* WHAT TO DO *
Pictures in the material below are to be left out, and only the lines from the line with "by a frame." up to and including the line with "Aerogrill Philips NA322/00" are to be written out exactly.

* STORED DATA *
-*-*-

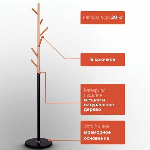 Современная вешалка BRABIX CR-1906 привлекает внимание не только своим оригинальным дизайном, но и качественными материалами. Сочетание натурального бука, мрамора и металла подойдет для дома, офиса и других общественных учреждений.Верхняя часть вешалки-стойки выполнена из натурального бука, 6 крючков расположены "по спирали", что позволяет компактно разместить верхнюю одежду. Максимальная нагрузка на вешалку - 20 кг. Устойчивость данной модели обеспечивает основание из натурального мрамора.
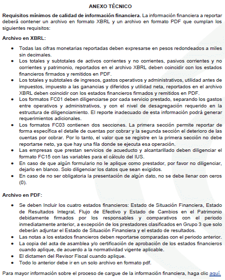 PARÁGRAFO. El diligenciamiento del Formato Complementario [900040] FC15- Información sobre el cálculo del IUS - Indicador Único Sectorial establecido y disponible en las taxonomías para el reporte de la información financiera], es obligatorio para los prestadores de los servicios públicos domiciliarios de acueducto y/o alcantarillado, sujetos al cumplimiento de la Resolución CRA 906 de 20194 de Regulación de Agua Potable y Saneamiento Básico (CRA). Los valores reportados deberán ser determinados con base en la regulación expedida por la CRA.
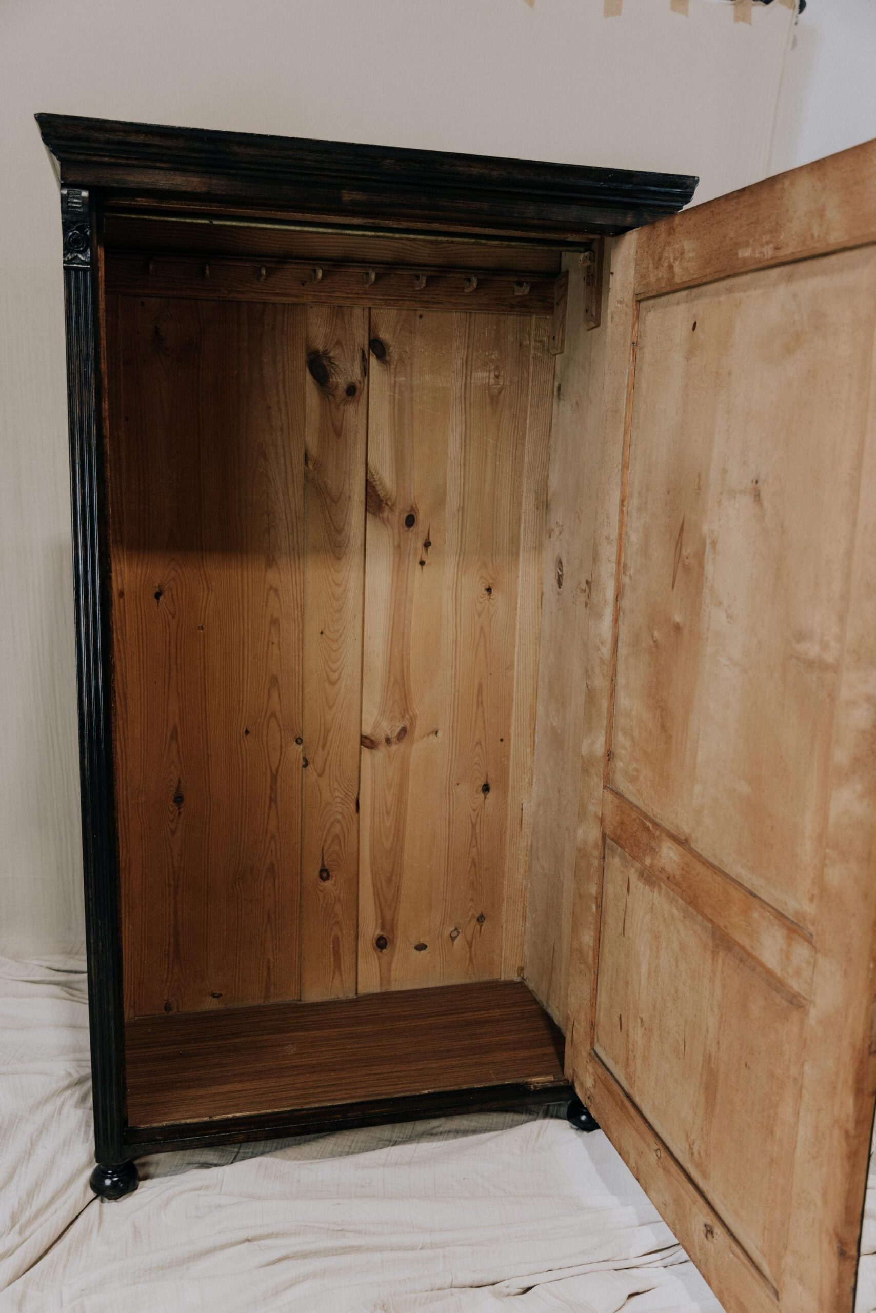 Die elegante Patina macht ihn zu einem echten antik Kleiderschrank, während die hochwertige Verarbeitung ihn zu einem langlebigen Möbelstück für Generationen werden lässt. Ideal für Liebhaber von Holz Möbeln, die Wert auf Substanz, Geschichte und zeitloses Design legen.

-*-*-

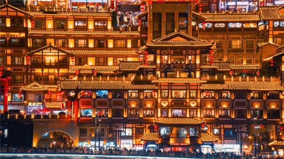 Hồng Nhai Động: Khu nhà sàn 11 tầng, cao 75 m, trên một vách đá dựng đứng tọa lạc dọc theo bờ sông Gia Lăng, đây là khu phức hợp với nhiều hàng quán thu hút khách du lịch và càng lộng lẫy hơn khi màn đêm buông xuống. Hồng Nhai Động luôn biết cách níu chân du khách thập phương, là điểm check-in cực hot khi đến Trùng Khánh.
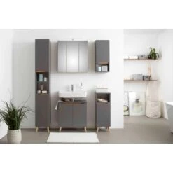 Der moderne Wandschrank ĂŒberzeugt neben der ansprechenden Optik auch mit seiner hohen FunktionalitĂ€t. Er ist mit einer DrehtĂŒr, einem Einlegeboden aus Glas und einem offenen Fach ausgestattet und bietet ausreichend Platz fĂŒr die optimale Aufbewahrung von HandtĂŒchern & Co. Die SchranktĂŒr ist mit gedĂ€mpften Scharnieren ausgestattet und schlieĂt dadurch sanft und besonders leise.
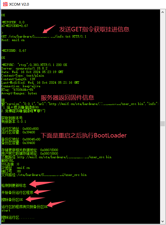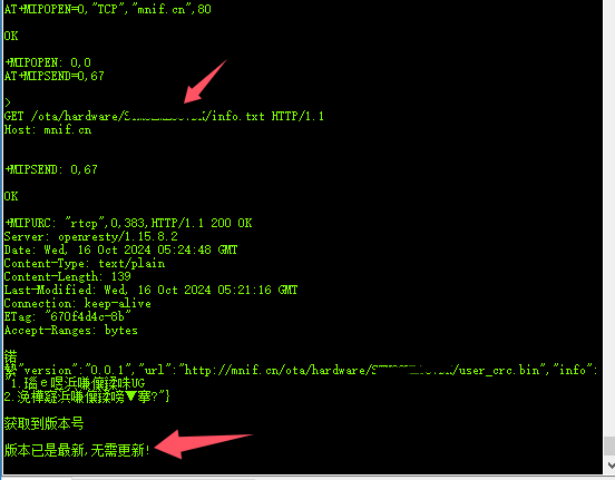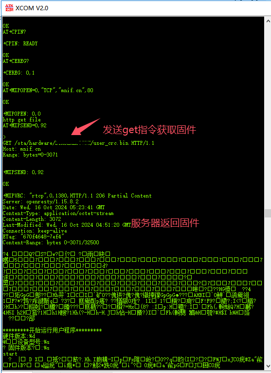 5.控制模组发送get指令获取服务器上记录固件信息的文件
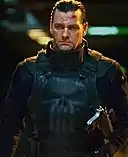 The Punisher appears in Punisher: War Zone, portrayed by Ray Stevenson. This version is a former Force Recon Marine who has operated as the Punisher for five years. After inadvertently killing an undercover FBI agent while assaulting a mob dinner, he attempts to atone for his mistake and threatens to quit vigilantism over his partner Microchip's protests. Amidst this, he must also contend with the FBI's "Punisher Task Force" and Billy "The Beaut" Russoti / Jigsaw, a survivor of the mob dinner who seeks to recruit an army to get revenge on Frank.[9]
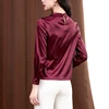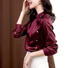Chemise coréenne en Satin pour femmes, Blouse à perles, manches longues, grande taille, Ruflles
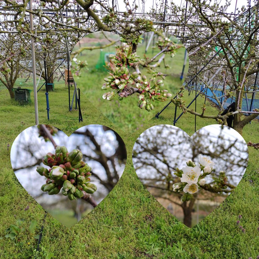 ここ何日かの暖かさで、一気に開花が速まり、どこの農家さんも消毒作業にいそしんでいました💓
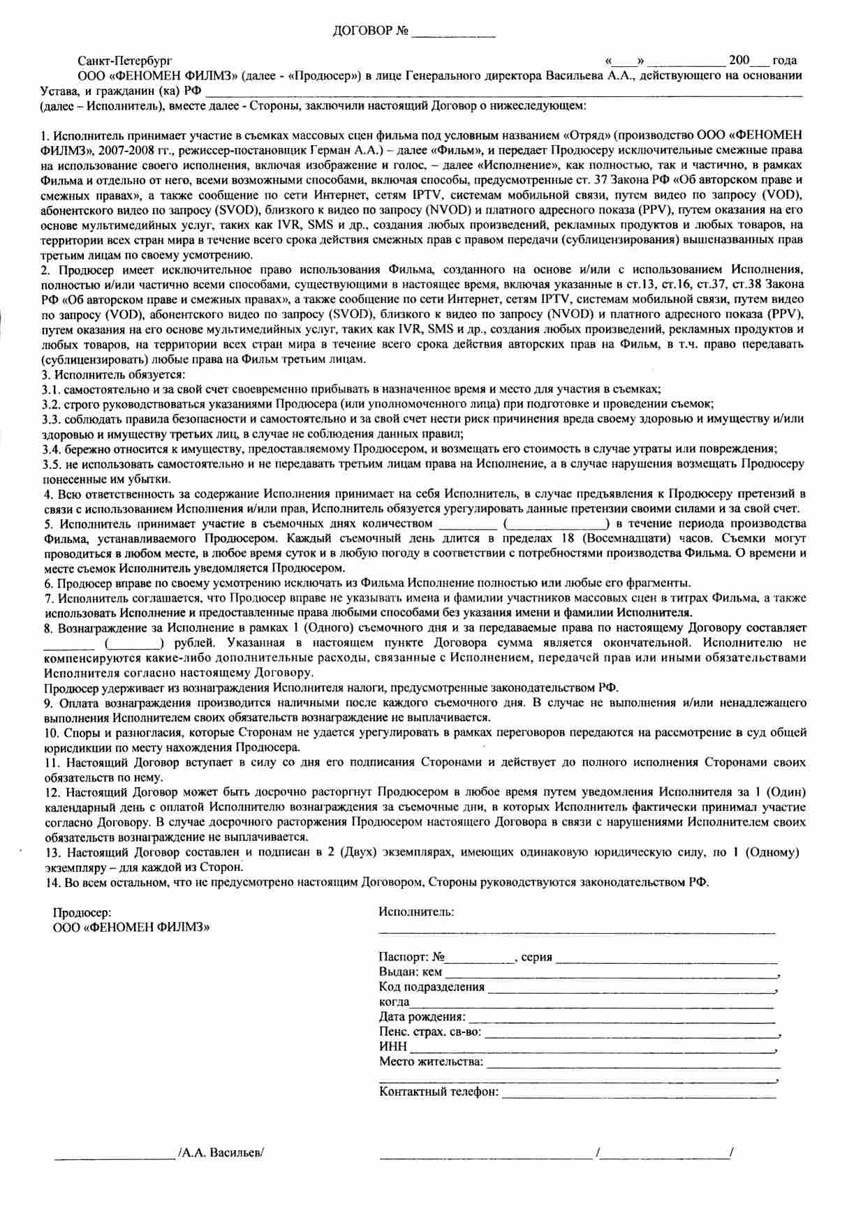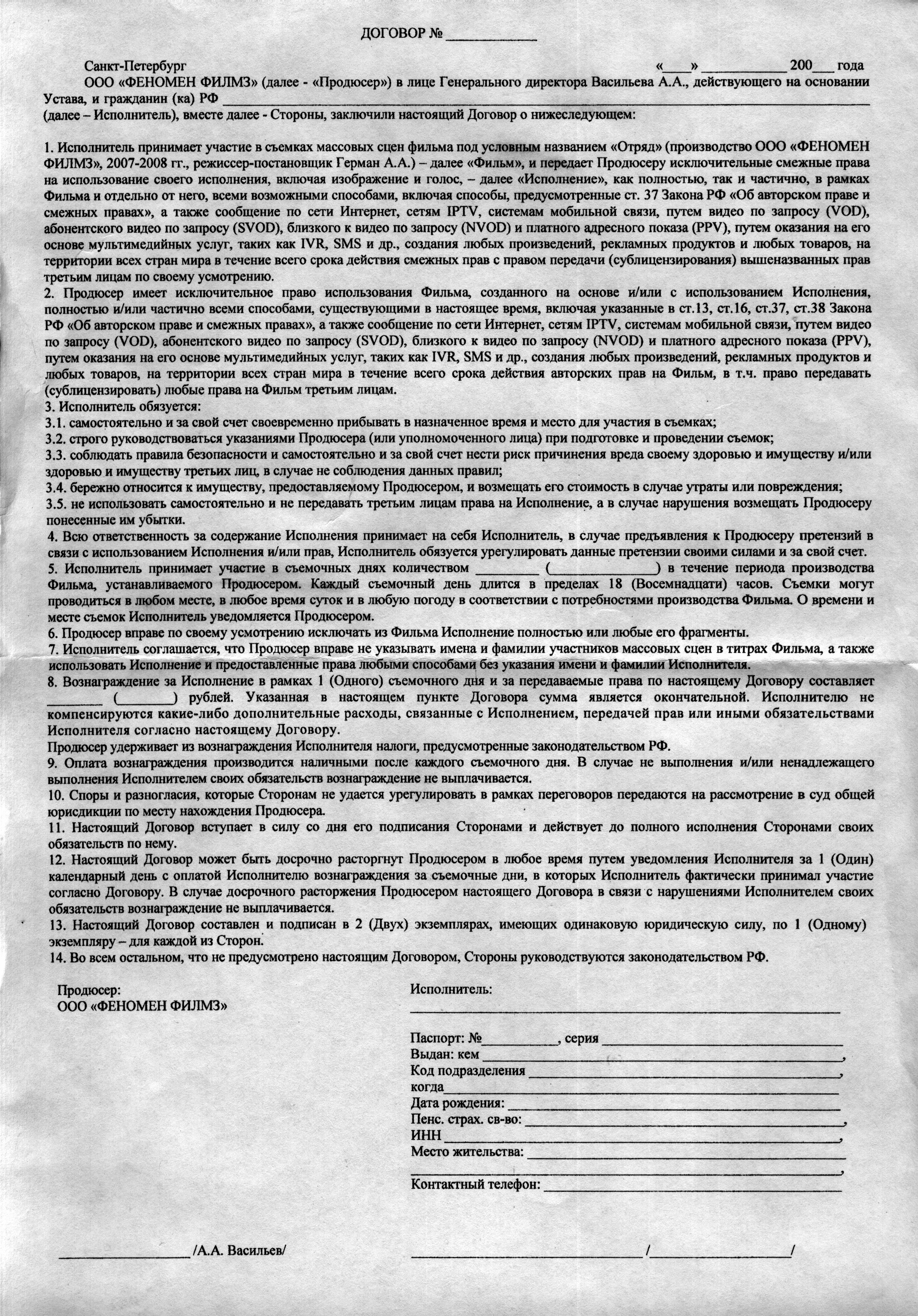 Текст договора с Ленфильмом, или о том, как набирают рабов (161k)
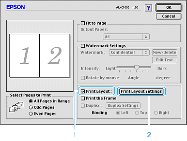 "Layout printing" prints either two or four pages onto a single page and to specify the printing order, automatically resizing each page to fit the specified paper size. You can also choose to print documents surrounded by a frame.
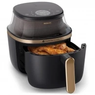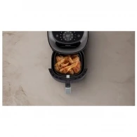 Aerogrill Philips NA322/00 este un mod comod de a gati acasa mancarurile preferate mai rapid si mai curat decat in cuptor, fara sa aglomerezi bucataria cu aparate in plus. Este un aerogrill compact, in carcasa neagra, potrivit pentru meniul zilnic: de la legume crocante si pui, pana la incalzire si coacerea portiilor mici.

-*-*-

* REPLY TO THE EXERCISE *
 "Layout printing" prints either two or four pages onto a single page and to specify the printing order, automatically resizing each page to fit the specified paper size. You can also choose to print documents surrounded by a frame.
 Aerogrill Philips NA322/00 este un mod comod de a gati acasa mancarurile preferate mai rapid si mai curat decat in cuptor, fara sa aglomerezi bucataria cu aparate in plus. Este un aerogrill compact, in carcasa neagra, potrivit pentru meniul zilnic: de la legume crocante si pui, pana la incalzire si coacerea portiilor mici.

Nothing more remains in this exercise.